Use the following script for testing:
$var = "one"; function update_var($value){ global $var; unset($var); global $var; $var = $value;}update_var('four');echo $var;
The specific analysis process is as follows:
(1). $ var = 'one ';
As before, this will add the var symbol to the global symbol table and create the corresponding zval:
(2). update_var ('four ')
Because the string insteadVariableTherefore, a zval is created. The zval is_ref = 0 and ref_count = 2 (respectively the $ value parameter and the function stack) are shown as follows:
(3) global $ var
In the global $ var statement, two things are actually executed:
(1) Insert a local var symbol in the symbol table inside the function.
(2) create local $ var and globalVariableReferences between $ var.
(4) unset ($ var );
Note that unset is only deleted.Function internalThe var symbol in the symbol table instead of deleting the global one. At the same time, update the refcount value of the original zval and the is_ref reference mark (reference unbinding ):
(5). global $ var
Same as 3. Create a reference for local $ var and global $ var again:
(6) $ var = $ value;
Change the zval value corresponding to $ var. Because of the reference, the global $ var value also changes:
(7) The function returns and destroys the local symbol table (return to the initial starting point, but everything is quite different ):
Accordingly, we can summarize the processes and features of the global keyword:
- Declare global in the function. A localVariableAnd globalVariableCreate reference.
- In the functionVariableAny change operation of will indirectly change the globalVariable.
- Function unset localVariableIt does not affect global, but only disconnects from globalVariable.
Iv. Back to the initial issue
Now we have a basic understanding of references. Let's go back to the original question:
$a = array(1,2,3);foreach($a as &$v){ $v *= $v;}foreach($a as $v){ echo $v;}
What happened in this process?
(1). $ a = array (1, 2, 3 );
This will generate the zval of $ a in the global symbol table and also generate the corresponding zval for each element:
(2). foreach ($ a as & $ v) {$ v * = $ v ;}
Here, because it is a reference binding, it is equivalent to executing the element in the array:
$v = &$a[0];$v = &$a[1];$v = &$a[2];
The execution process is as follows:
We found that after the foreach execution is completed,$ V = & $ a [2].
(3) The second foreach Loop
foreach($a as $v){ echo $v;}
This time, because it is a normal assign-by-value assignment form, it is similar to the execution:
$v = $a[0];$v = $a[1];$v = $a[2];
Don't forget that $ v is now a reference of $ a [2]. Therefore, the value of $ a [2] is changed indirectly during the value assignment process.
The process is as follows:
Therefore, the output result is 144.
Appendix: zval debugging method in this article.

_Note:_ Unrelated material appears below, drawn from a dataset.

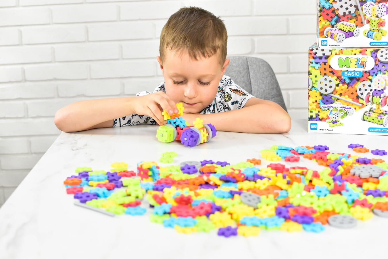 Jeśli zestaw 200 lub 400 to dla Twojego dziecka za mało, to najwyższy czas by wybrać nieco większy zestaw, mianowicie Constructor 600. Pamiętaj, że wraz z liczbą elementów podstawowych, czyli puzzli, zwiększa się liczba kształtów takich jak koła, osie oraz sześcioboki, pozwalając tym samym na budowę konstrukcji ruchomych na większą skalę. Można tworzyć własne budowle albo zaczerpnąć pomysły z dołączonej książeczki. Większy zestaw to dla dziecka gwarancja jeszcze lepszej zabawy nie tylko samemu, ale także w gronie przyjaciół!
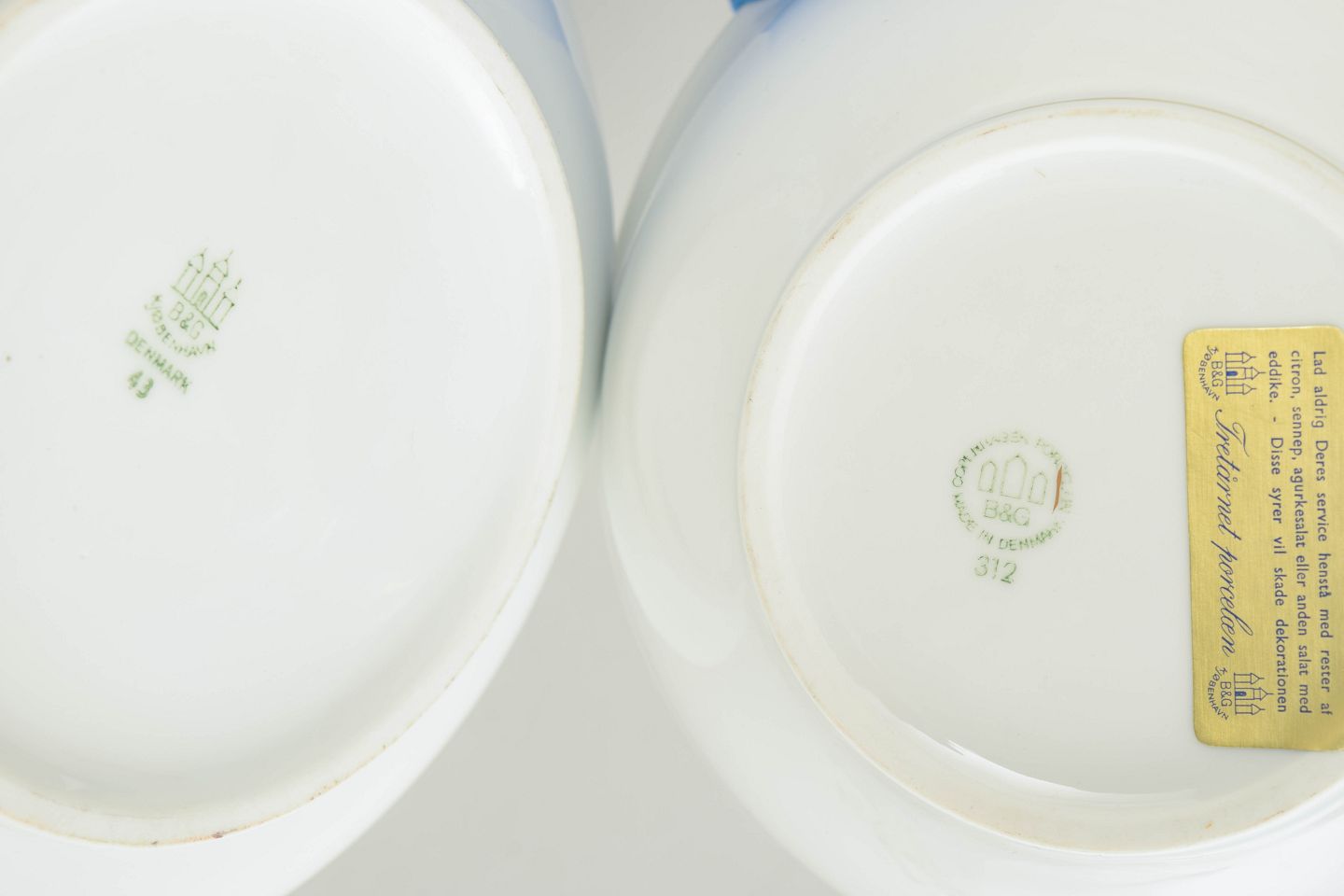 Bing & Grøndahl var en af Danmarks førende porcelænsfabrikker og kendt for sin høje tekniske kvalitet og sikre formsans. I 1920’erne og 30’erne arbejdede fabrikken i et formsprog præget af Art Deco, hvor stramme linjer, geometriske mønstre og diskret forgyldning gav et moderne og elegant udtryk, velegnet til både hverdagsbrug og repræsentative serveringer.

If you want to view the zval changes in a process, the best way is to add the debugging code before and after the process. For example
$a = 123;xdebug_debug_zval('a');$b=&$a;xdebug_debug_zval('a');
With drawing, you can get an intuitive zval update process.
References:
- Http://en.wikipedia.org/wiki/Symbol_table
- Http://arantxa.ii.uam.es /~ Modonnel/Compilers/04_symboltablesiers
- Http://web.cs.wpi.edu /~ Kal/courses/cs4533/module5/myst.html
- Http://www.cs.dartmouth.edu /~ Mckeeman/cs48/mxcom/doc/typeinferenceeman
- Http://www.cs.cornell.edu/courses/cs412/2008sp/lectures/lec12.pdf
- Http://php.net/manual/zh/language.references.return.php
- Http://stackoverflow.com/questions/10057671/how-foreach-actually-works
Due to the rush of writing, there will inevitably be errors in this article. You are welcome to discuss them.